Exercise goal:
Reproduce the records. Keep every word exact and include no images.

Records for this task:
== Segment start ==
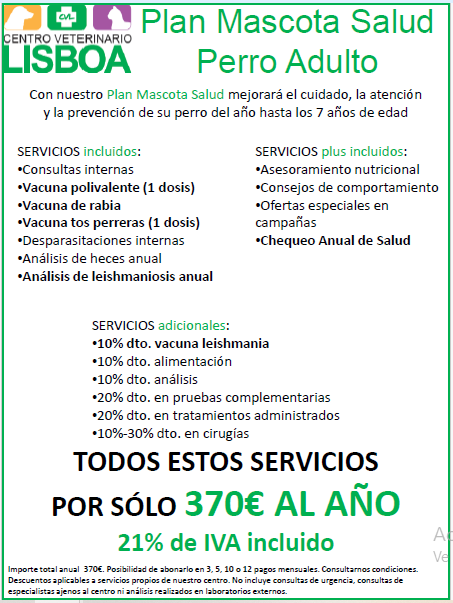 En esta etapa de su vida siguen necesitando cuidados preventivos y de salud. Con este plan le protegeremos con las vacunas anuales, las desparasitaciones internas y le ofreceremos una vigilancia de otras enfermedades, como es el caso de la leishmaniosis.
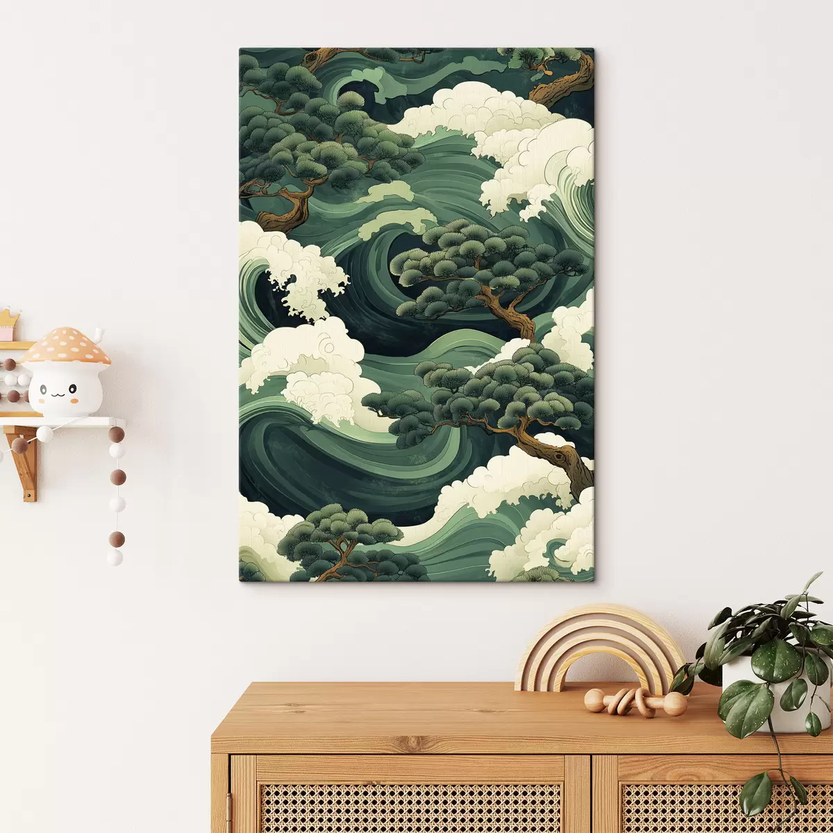 Schilderij Tekening in Chinese stijl met zeegolven en pijnbomen Art. s44719
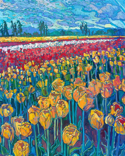 "Northwest Tulips" is an original oil painting by Erin Hanson. It is available for purchase through The Erin Hanson Gallery in McMinnville, Oregon.
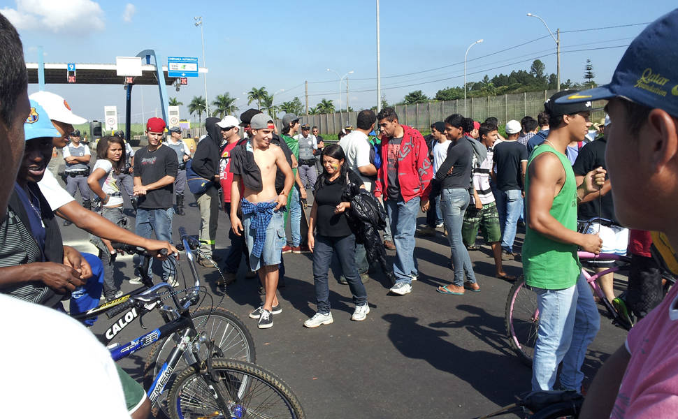 Um grupo de 120 pessoas bloqueou em Cosmópolis (SP) a rodovia Professor Zeferino Vaz (SP-332), que liga Campinas a Mogi Guaçu, por cerca de oito horas.
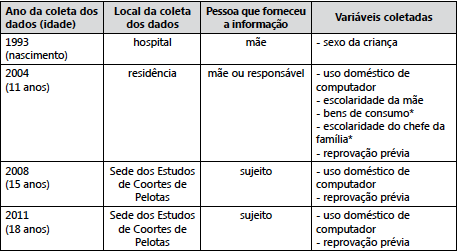 As variáveis incluídas nas análises realizadas neste trabalho foram coletadas por meio de perguntas estruturadas, que integravam os questionários do estudo “Coorte de Nascimentos de Pelotas, de 1993” (VICTORA et al., 2006; 2008), aplicados nos acompanhamentos de 2004 e 2008 e 2011, anos em que os sujeitos completaram 11, 15 e 18 anos de idade, respectivamente. A realização dos acompanhamentos não foi planejada para que fosse realizada, exatamente, nessas idades, embora tivesse o objetivo de coletar dados referentes ao início, ao meio e ao final da adolescência. As idades exatas foram determinadas, primordialmente, pela época em que os financiamentos para os acompanhamentos foram obtidos.
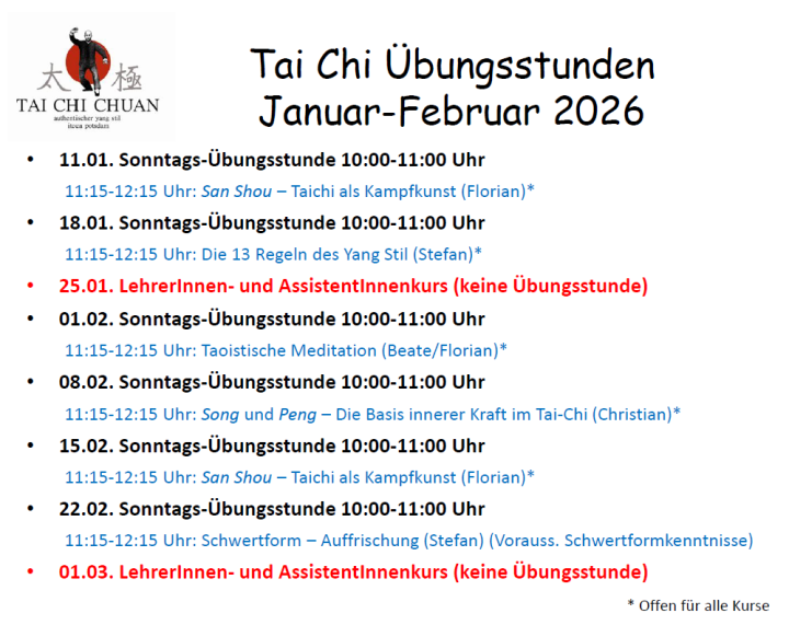 Im Anschluss besteht die Möglichkeit an dem wöchentlich stattfindenden Sonderkurs teilzunehmen, in dem wir gemeinsam wechselnde Aspekte des authentischen Yang-Stils üben. Dazu gehören unter anderem taoistische Meditation ebenso wie 'San Shou' (der Kampfkunstaspekt des Tai Chi) oder die Partnerübung des 'push hands'.
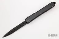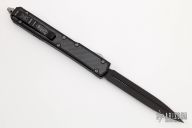This Makora II OTF automatic features a black double edged blade and carbon fiber inserts on both sides of the black aluminum handle. Dated 03/2008 with a S/N of 01909. Comes with original box and papers. Excellent condition.
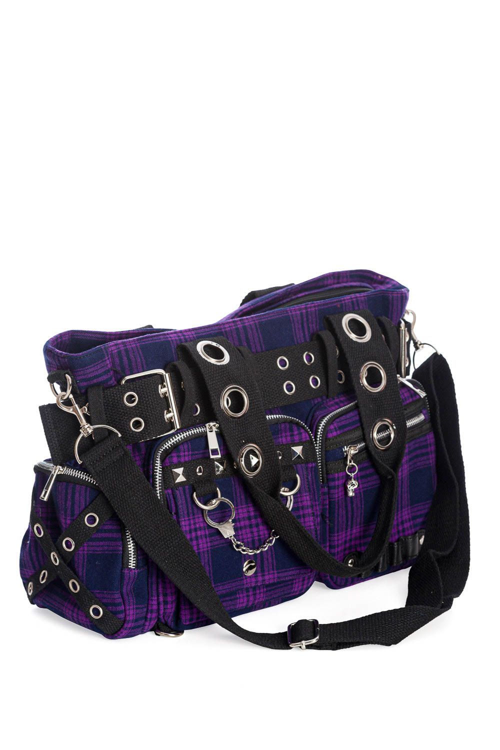 Deze stevige Gothic tas is van paarse tartan en heeft grote ronden ringen in de hengsels. Veel handige extra vakjes met rits-details, studs en een kettinkje.
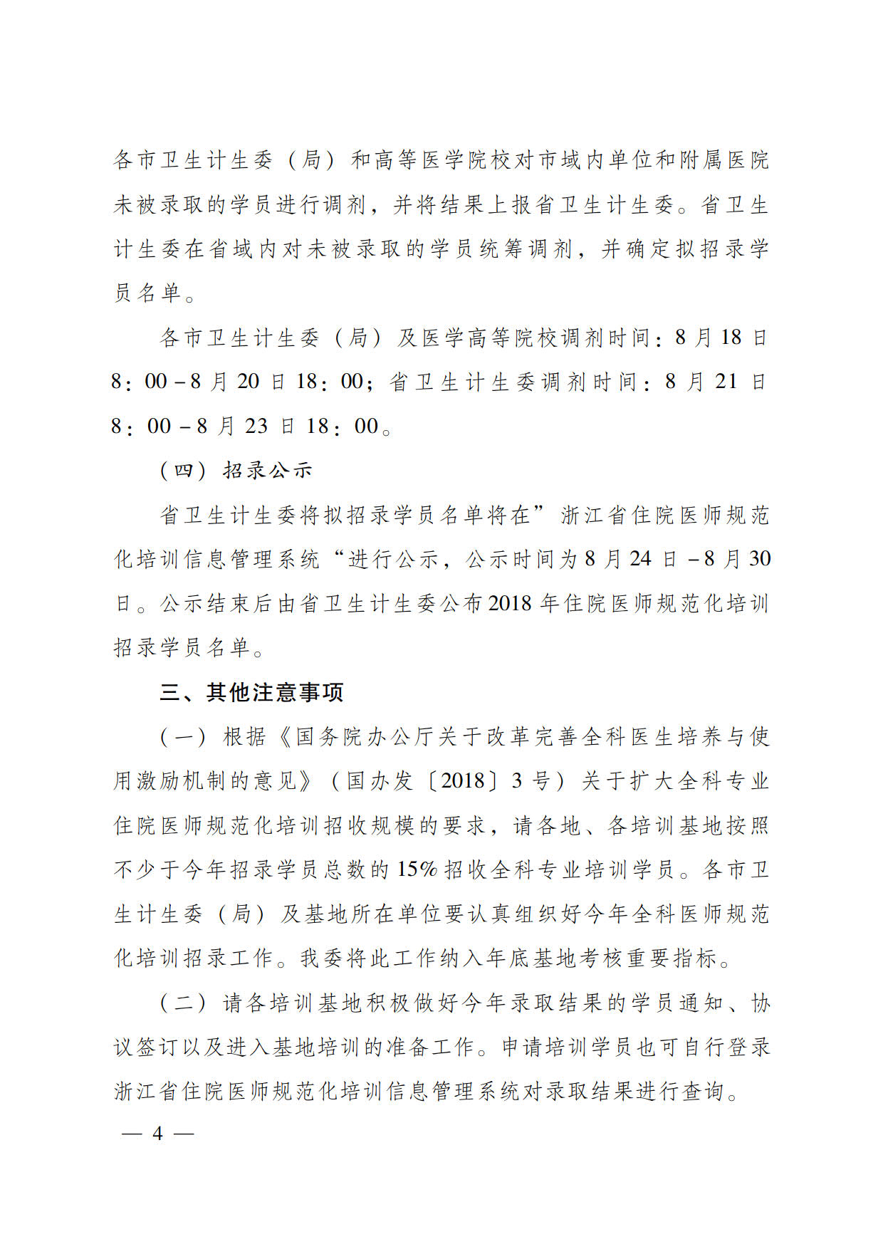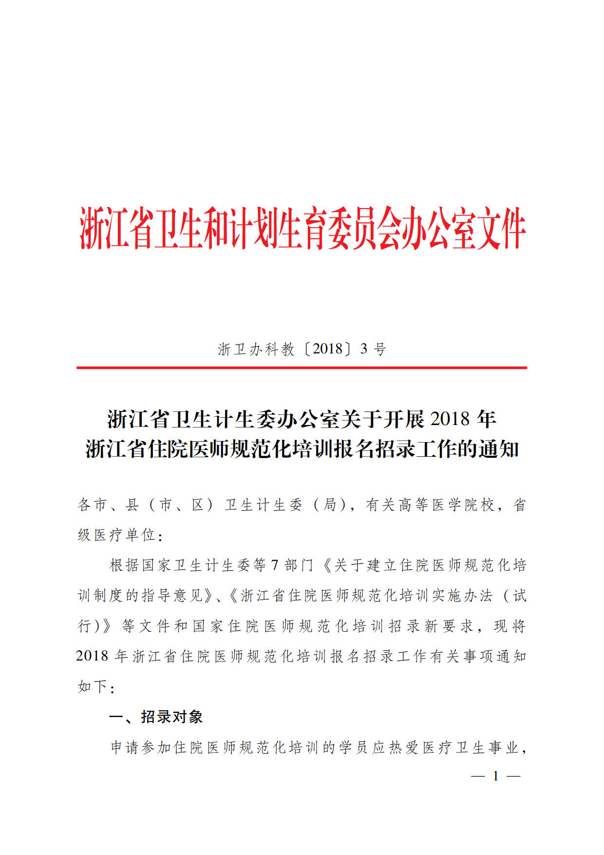 浙江省卫生计生委办公室关于开展2018年浙江省住院医师规范化培训报名招录工作的通知:
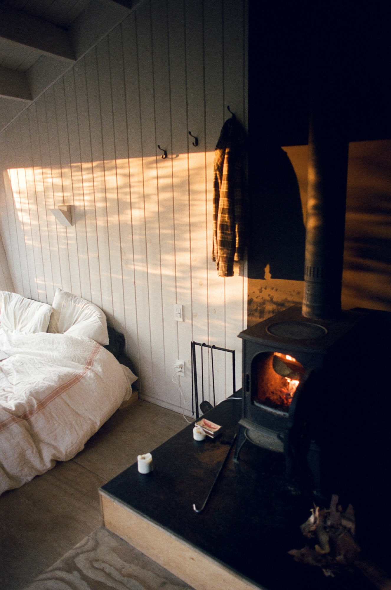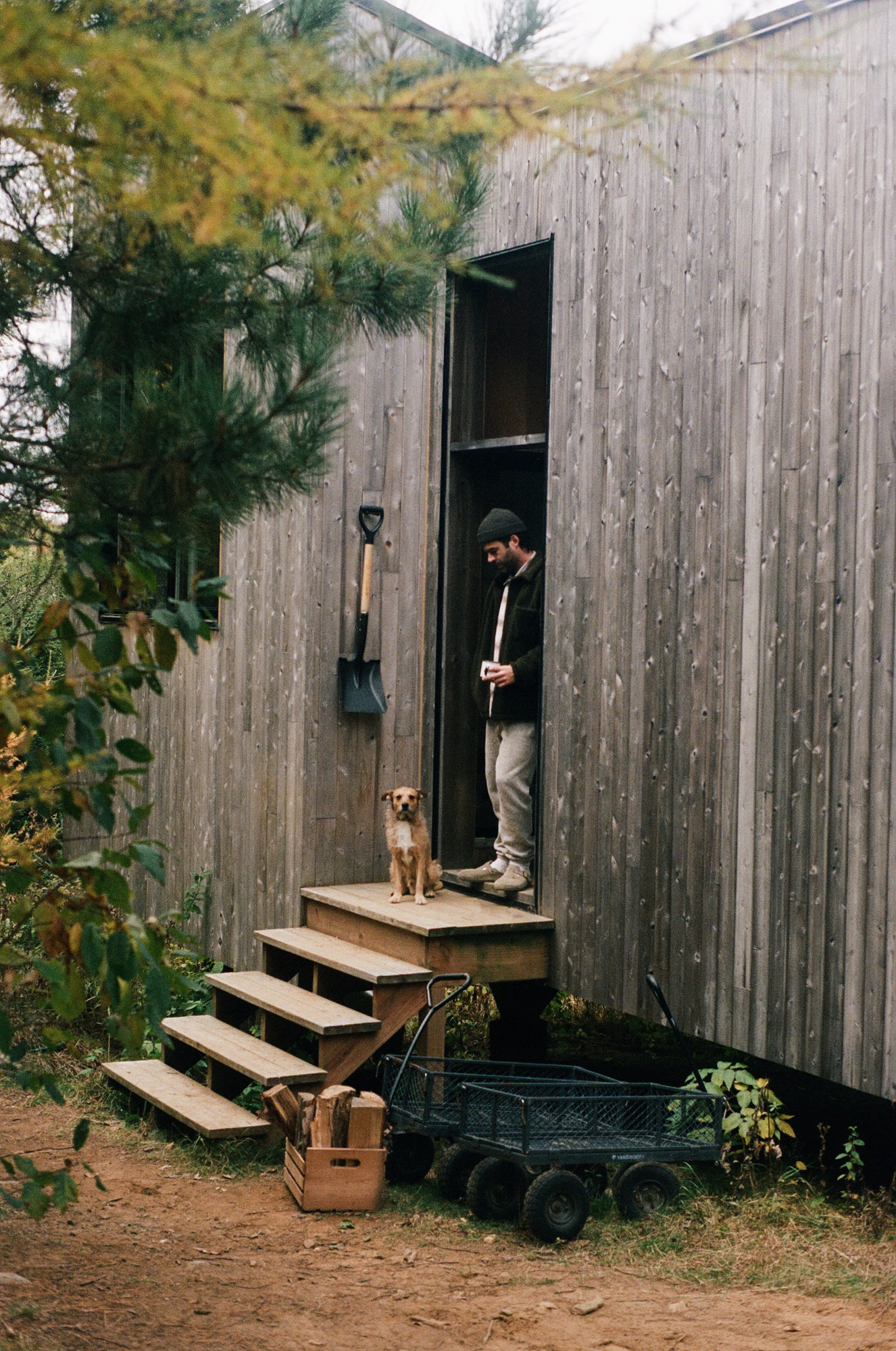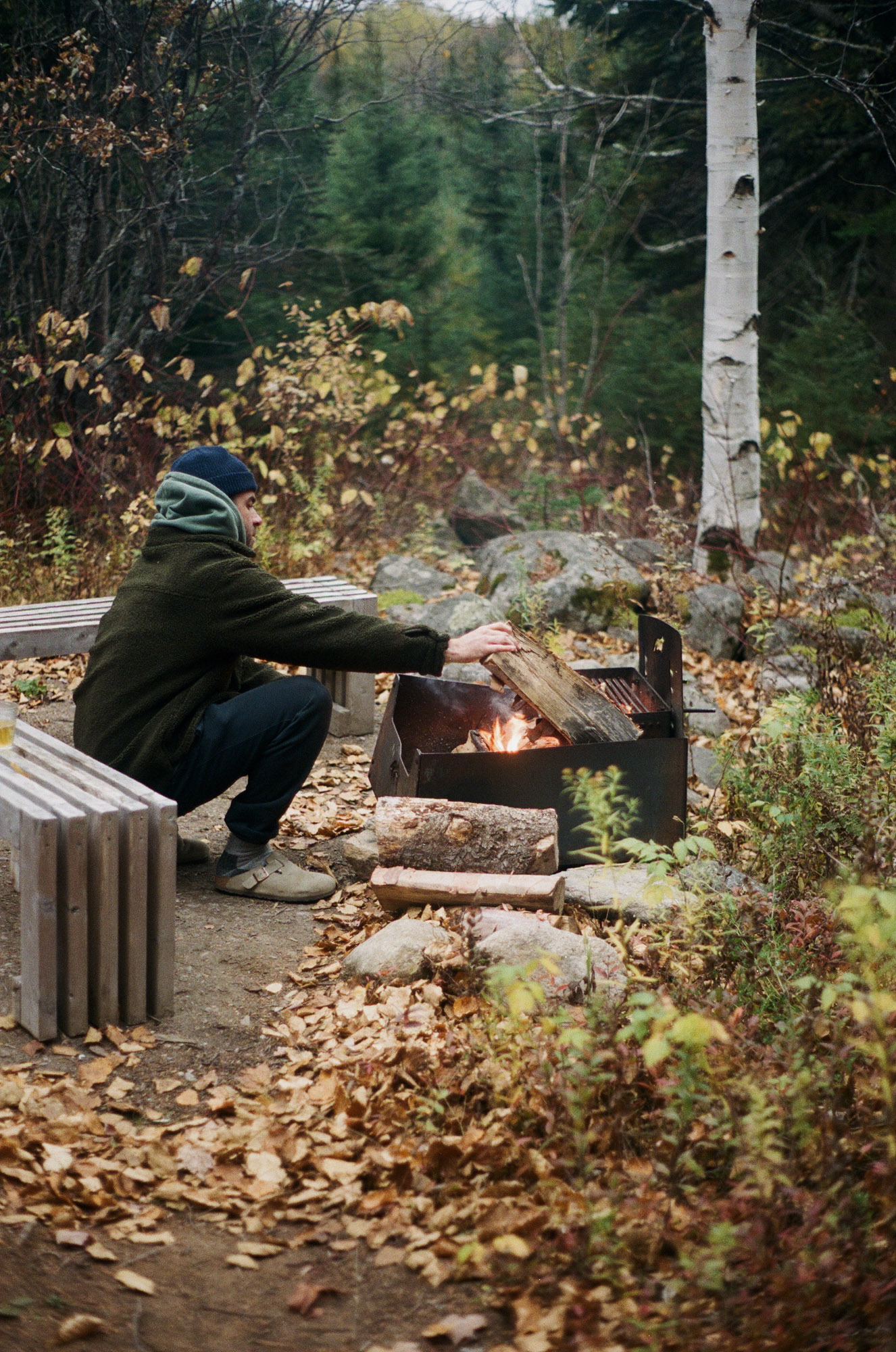 Dès qu’il en a l’occasion, Geoffroy s’évade dans le bois pour faire des feux, jouer de la guitare ou juste, s'en remettre au silence. Son séjour à Territoire Charlevoix incarne parfaitement ce genre de parenthèses. Dans ce petit refuge perché à flanc de montagne, le temps ralentit, le regard porte plus loin et les idées, parfois, viennent. C’est d’ailleurs là, près de la nature et loin des distractions qu’il aime finir ses projets, ou affiner tout ce qui peut l’être en dehors du studio.
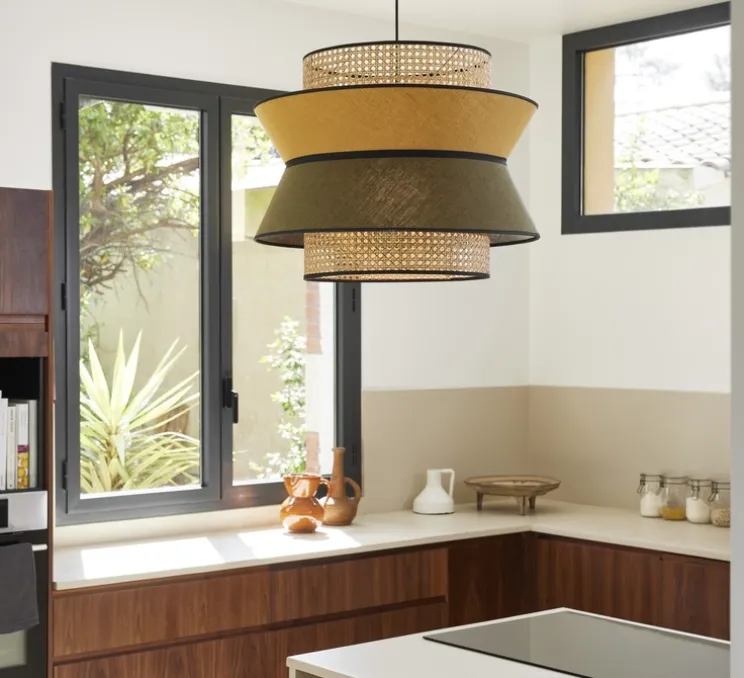Cette suspension est un empilement harmonieux de trois abat-jour, délicatement confectionnés à partir de lin lavé et de cannage, fusionnant le traditionnel et le contemporain avec une élégance inégalée.
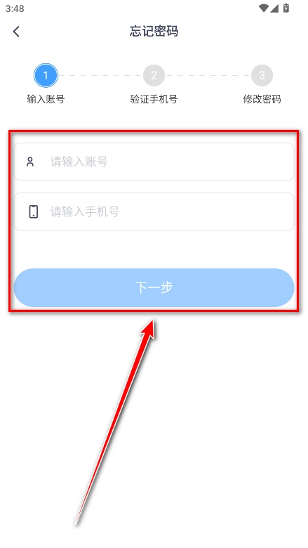 2. 填入賬號與手機號,點擊“下一步”,依照提示進行操作。
== Segment end ==
Completed exercise:
 En esta etapa de su vida siguen necesitando cuidados preventivos y de salud. Con este plan le protegeremos con las vacunas anuales, las desparasitaciones internas y le ofreceremos una vigilancia de otras enfermedades, como es el caso de la leishmaniosis.
 Schilderij Tekening in Chinese stijl met zeegolven en pijnbomen Art. s44719
 "Northwest Tulips" is an original oil painting by Erin Hanson. It is available for purchase through The Erin Hanson Gallery in McMinnville, Oregon.
 Um grupo de 120 pessoas bloqueou em Cosmópolis (SP) a rodovia Professor Zeferino Vaz (SP-332), que liga Campinas a Mogi Guaçu, por cerca de oito horas.
 As variáveis incluídas nas análises realizadas neste trabalho foram coletadas por meio de perguntas estruturadas, que integravam os questionários do estudo “Coorte de Nascimentos de Pelotas, de 1993” (VICTORA et al., 2006; 2008), aplicados nos acompanhamentos de 2004 e 2008 e 2011, anos em que os sujeitos completaram 11, 15 e 18 anos de idade, respectivamente. A realização dos acompanhamentos não foi planejada para que fosse realizada, exatamente, nessas idades, embora tivesse o objetivo de coletar dados referentes ao início, ao meio e ao final da adolescência. As idades exatas foram determinadas, primordialmente, pela época em que os financiamentos para os acompanhamentos foram obtidos.
 Im Anschluss besteht die Möglichkeit an dem wöchentlich stattfindenden Sonderkurs teilzunehmen, in dem wir gemeinsam wechselnde Aspekte des authentischen Yang-Stils üben. Dazu gehören unter anderem taoistische Meditation ebenso wie 'San Shou' (der Kampfkunstaspekt des Tai Chi) oder die Partnerübung des 'push hands'.
This Makora II OTF automatic features a black double edged blade and carbon fiber inserts on both sides of the black aluminum handle. Dated 03/2008 with a S/N of 01909. Comes with original box and papers. Excellent condition.
 Deze stevige Gothic tas is van paarse tartan en heeft grote ronden ringen in de hengsels. Veel handige extra vakjes met rits-details, studs en een kettinkje.
 浙江省卫生计生委办公室关于开展2018年浙江省住院医师规范化培训报名招录工作的通知:
 Dès qu’il en a l’occasion, Geoffroy s’évade dans le bois pour faire des feux, jouer de la guitare ou juste, s'en remettre au silence. Son séjour à Territoire Charlevoix incarne parfaitement ce genre de parenthèses. Dans ce petit refuge perché à flanc de montagne, le temps ralentit, le regard porte plus loin et les idées, parfois, viennent. C’est d’ailleurs là, près de la nature et loin des distractions qu’il aime finir ses projets, ou affiner tout ce qui peut l’être en dehors du studio.
Cette suspension est un empilement harmonieux de trois abat-jour, délicatement confectionnés à partir de lin lavé et de cannage, fusionnant le traditionnel et le contemporain avec une élégance inégalée.
 2. 填入賬號與手機號,點擊“下一步”,依照提示進行操作。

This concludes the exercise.